# [DATA SHOWN]
···
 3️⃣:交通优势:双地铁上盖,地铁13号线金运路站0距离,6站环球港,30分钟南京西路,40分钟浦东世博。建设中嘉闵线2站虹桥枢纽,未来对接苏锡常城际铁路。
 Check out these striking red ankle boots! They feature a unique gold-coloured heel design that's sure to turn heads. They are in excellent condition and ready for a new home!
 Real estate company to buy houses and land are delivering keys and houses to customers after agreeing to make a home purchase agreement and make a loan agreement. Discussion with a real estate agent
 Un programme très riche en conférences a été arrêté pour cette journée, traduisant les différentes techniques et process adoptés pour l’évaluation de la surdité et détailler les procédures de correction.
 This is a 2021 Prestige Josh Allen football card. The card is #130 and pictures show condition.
···
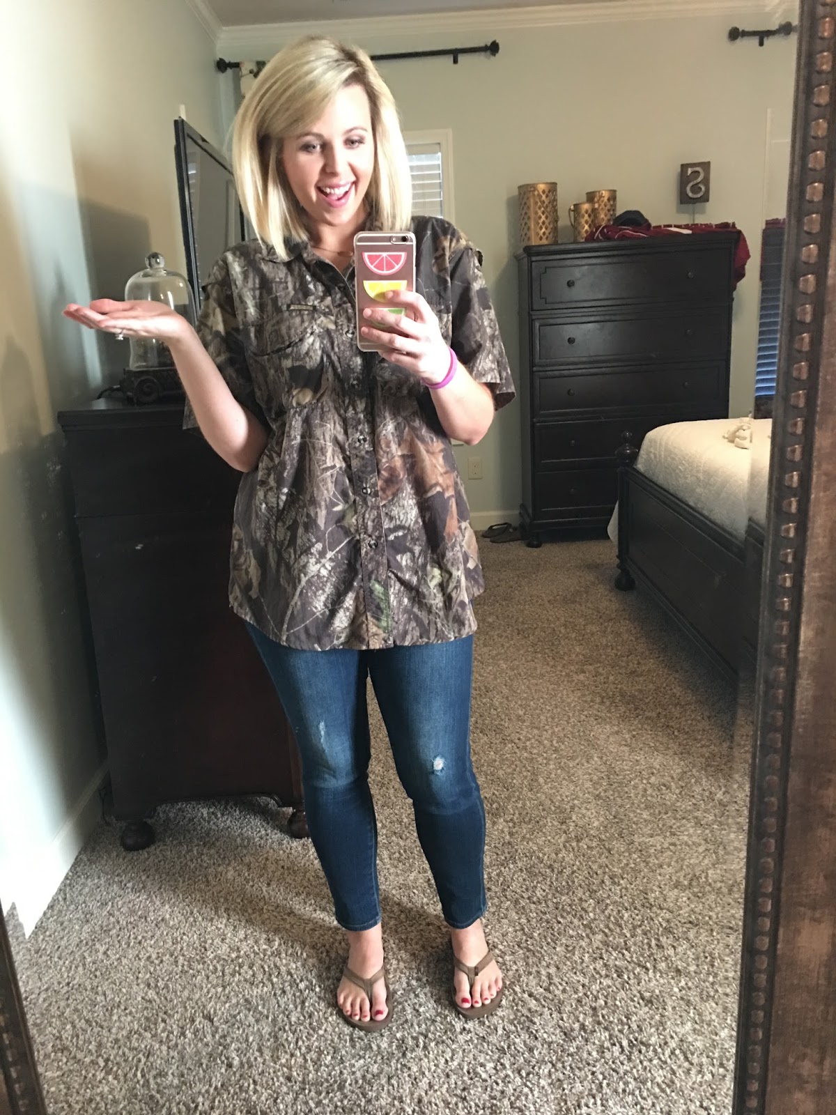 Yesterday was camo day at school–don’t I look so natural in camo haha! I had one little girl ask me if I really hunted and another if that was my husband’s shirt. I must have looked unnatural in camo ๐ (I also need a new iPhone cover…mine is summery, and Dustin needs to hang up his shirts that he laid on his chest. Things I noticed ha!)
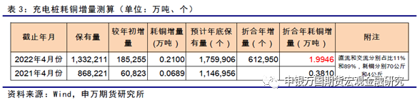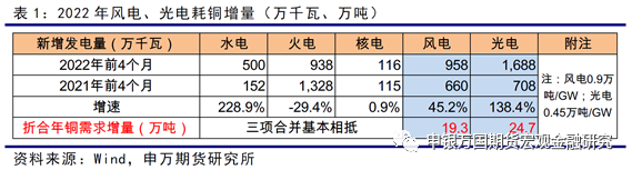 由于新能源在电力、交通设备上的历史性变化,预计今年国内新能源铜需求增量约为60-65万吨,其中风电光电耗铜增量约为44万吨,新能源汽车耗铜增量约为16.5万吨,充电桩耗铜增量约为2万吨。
···
# [EXERCISE DETAILS]
Word for word, restate the lines above from the one with "Yesterday was camo" through the one with "由于新能源在电力、交通设备上", keeping both ends and dropping the pictures.

# [ANSWER TO THE EXERCISE]
 Yesterday was camo day at school–don’t I look so natural in camo haha! I had one little girl ask me if I really hunted and another if that was my husband’s shirt. I must have looked unnatural in camo ๐ (I also need a new iPhone cover…mine is summery, and Dustin needs to hang up his shirts that he laid on his chest. Things I noticed ha!)
 由于新能源在电力、交通设备上的历史性变化,预计今年国内新能源铜需求增量约为60-65万吨,其中风电光电耗铜增量约为44万吨,新能源汽车耗铜增量约为16.5万吨,充电桩耗铜增量约为2万吨。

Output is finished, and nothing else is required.